Information Start Marker

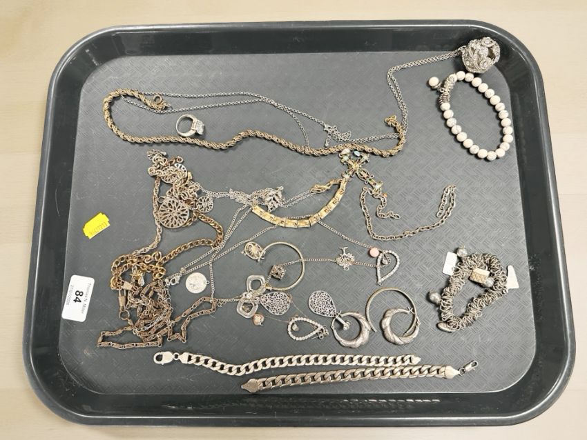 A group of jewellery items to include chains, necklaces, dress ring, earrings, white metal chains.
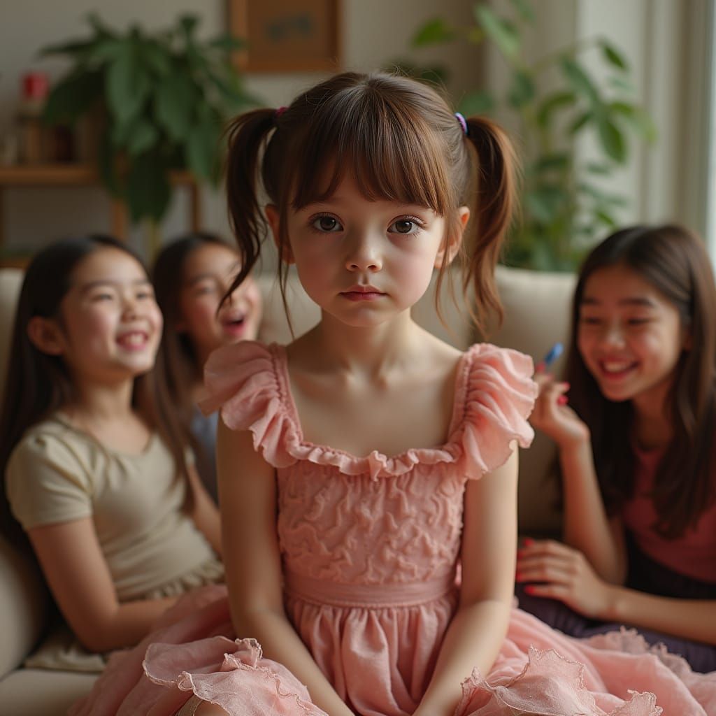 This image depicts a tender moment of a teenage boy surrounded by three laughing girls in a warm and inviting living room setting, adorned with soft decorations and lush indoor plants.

Information End Marker
Information Start Marker

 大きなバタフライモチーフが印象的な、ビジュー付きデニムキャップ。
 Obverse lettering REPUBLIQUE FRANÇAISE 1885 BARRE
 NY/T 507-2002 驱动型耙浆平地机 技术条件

Information End Marker
Information Start Marker

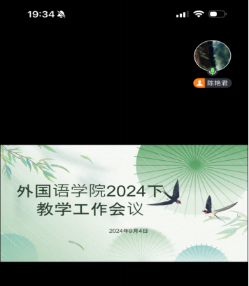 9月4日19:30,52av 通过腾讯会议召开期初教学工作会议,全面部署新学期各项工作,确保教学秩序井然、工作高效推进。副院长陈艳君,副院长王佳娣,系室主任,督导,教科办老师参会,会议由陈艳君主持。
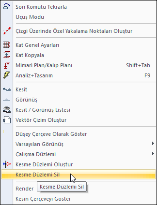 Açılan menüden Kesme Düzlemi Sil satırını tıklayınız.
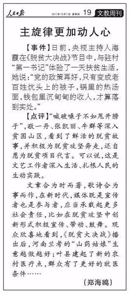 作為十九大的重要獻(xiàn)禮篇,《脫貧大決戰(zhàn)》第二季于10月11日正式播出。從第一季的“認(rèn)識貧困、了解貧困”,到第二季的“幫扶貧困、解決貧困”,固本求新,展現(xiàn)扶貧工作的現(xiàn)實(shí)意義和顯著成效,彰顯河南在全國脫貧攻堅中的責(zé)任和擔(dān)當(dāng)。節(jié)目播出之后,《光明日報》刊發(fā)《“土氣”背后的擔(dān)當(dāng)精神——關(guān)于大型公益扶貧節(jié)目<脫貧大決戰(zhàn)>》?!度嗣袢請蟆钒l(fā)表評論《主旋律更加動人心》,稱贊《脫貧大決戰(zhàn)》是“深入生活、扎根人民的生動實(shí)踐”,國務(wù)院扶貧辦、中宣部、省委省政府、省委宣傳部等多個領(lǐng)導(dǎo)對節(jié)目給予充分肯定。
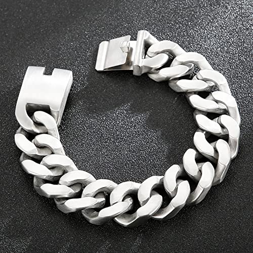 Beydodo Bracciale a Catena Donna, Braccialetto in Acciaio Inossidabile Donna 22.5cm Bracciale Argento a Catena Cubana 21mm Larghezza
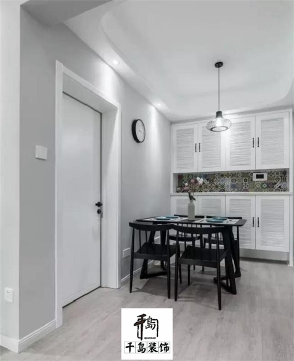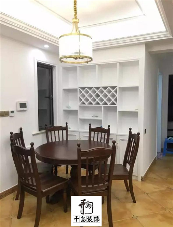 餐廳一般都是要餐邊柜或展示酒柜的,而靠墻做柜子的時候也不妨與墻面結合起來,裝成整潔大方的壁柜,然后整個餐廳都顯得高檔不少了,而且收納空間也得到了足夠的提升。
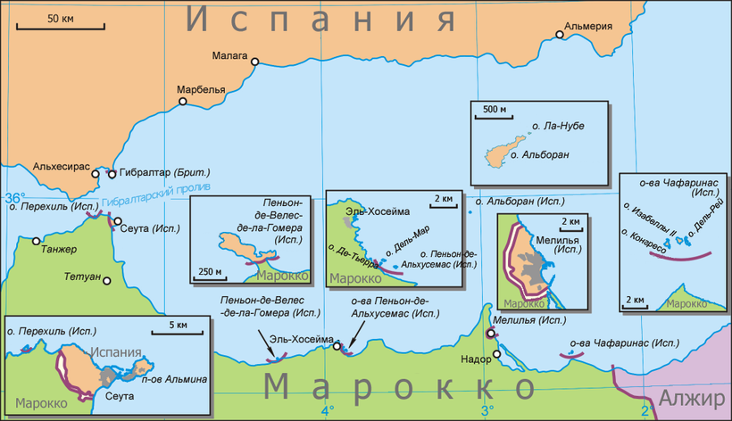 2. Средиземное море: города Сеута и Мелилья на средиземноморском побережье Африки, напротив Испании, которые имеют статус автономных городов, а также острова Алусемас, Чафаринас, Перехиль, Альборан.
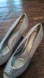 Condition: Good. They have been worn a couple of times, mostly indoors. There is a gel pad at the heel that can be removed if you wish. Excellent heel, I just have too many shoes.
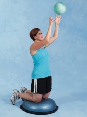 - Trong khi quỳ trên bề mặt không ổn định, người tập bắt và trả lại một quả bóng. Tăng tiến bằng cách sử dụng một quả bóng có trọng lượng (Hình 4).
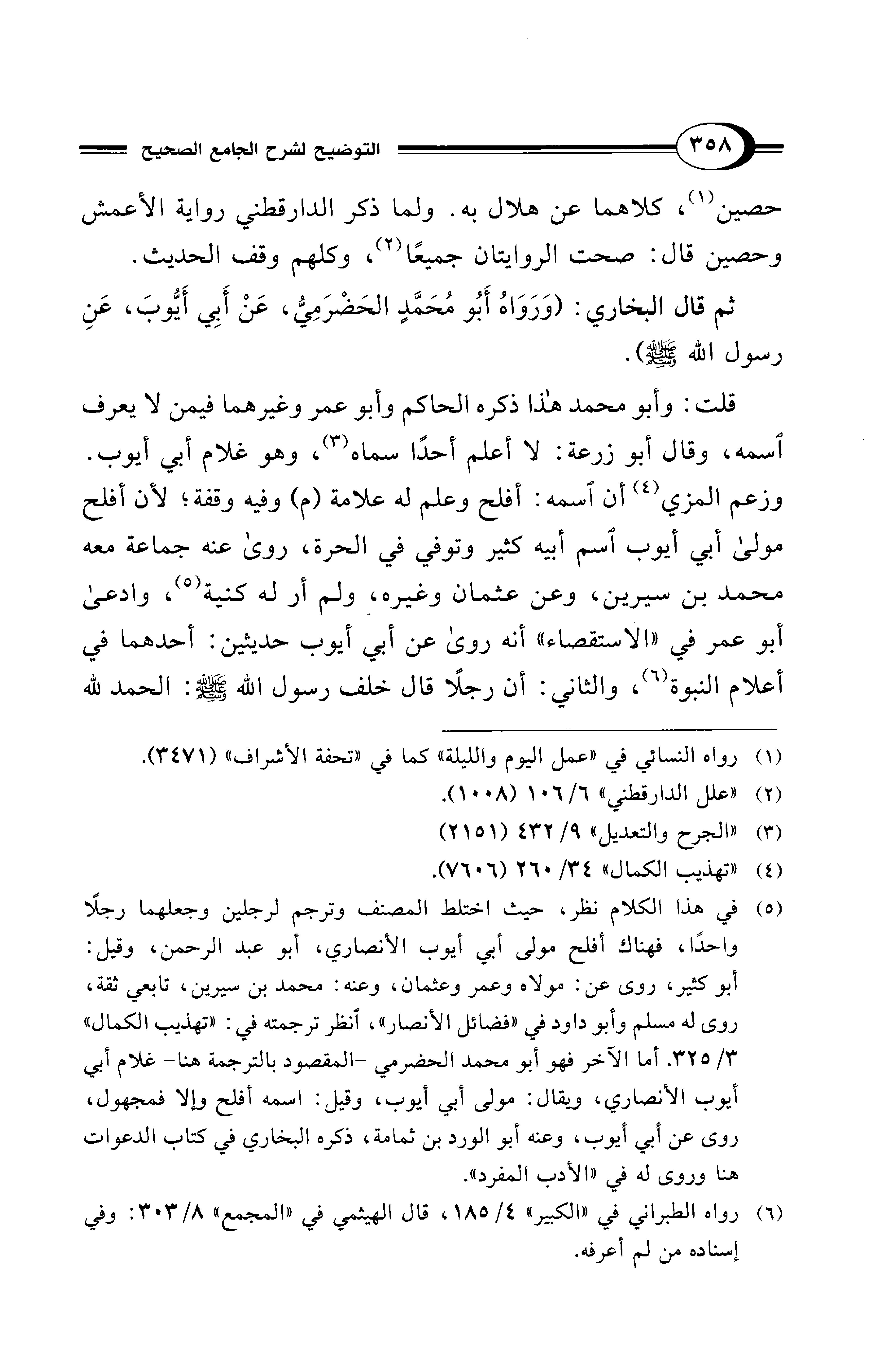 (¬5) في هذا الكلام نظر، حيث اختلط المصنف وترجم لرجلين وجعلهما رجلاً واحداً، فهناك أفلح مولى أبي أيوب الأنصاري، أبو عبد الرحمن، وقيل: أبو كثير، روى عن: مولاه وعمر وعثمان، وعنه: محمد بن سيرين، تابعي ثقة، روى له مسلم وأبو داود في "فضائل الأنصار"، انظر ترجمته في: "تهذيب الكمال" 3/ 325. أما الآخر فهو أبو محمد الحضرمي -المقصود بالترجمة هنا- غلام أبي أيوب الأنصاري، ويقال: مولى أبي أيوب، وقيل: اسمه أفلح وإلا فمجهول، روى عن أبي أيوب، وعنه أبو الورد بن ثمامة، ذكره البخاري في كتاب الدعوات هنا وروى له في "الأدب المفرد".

Information End Marker

Find where the line with "A group of jewellery" sits in the material above and where the line with "This image depicts" sits. Set down exactly the lines from the first to the second, both included and nothing else, without pictures.

● **Solution for this exercise**
 A group of jewellery items to include chains, necklaces, dress ring, earrings, white metal chains.
 This image depicts a tender moment of a teenage boy surrounded by three laughing girls in a warm and inviting living room setting, adorned with soft decorations and lush indoor plants.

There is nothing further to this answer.